With the closed form for the $n^{\text{th}}$ power of $A$, finding $F_n$ is fairly simple.

$$
\begin{eqnarray}
F_n & = & \frac{1}{\varphi + 2} \left(\varphi^{n+1} + \left(-\frac{1}{\varphi}\right)^{n-1}\right) \\
& = & \frac{1}{\varphi + 2} \left(\varphi \varphi^{n} -\varphi \left(-\frac{1}{\varphi}\right)^{n}\right) \\
& = & \frac{1+\sqrt{5}}{5+\sqrt{5}} \left(\varphi^{n} – \left(-\varphi\right)^{-n}\right) \\
& = & \frac{\varphi^{n} – \left(-\varphi\right)^{-n}}{\sqrt{5}} \\
\end{eqnarray}
$$

This is probably the form most people are familiar with.
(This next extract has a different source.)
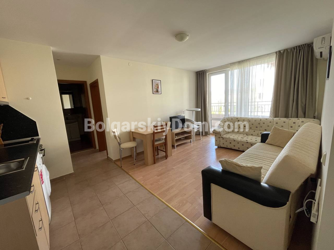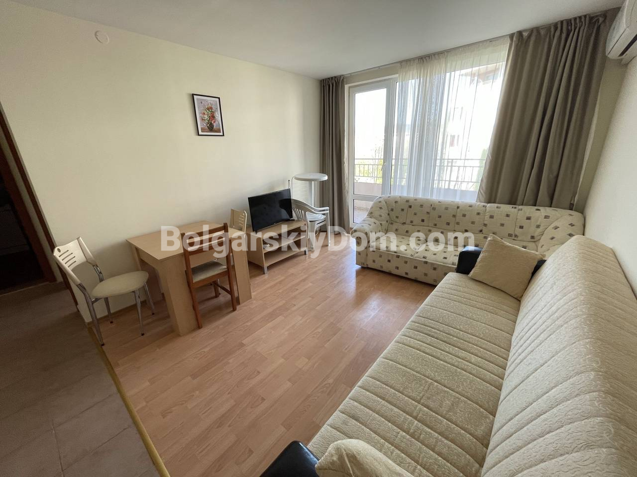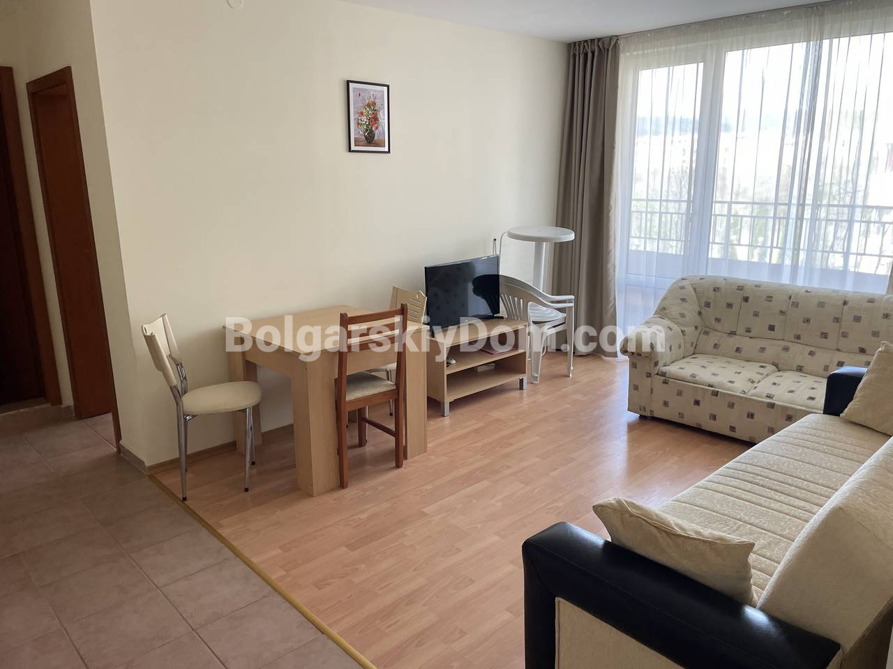 Для ПМЖ, длительного отдыха и рентной инвестиции, встречайте новое предложение: двухкомнатная квартира с мебелью в комплексе Несебр Форт - удачный вариант для любых целей. Площадь 64 кв.м., второй этаж из четырех. Просторная зала с интегрированной кухонной зоной, отдельная спальня, ванная комната с душем, уютная терраса составляют планировку. В квартире есть вся необходимая мебель, бытовая техника, кондиционер, проведены вода и электричество, хорошее жилое состояние. Планировка удобна как для пары, так и для небольшой семьи.

Notice that it should supposedly give a fairly quick way of calculating $F_n$. However, practically, this formula isn’t useful for such a purpose, since $\varphi$ is an irrational number, and errors would accumulate pretty quickly. In some cases, this formula, known as Binet’s formula, can be useful for certain number theory applications.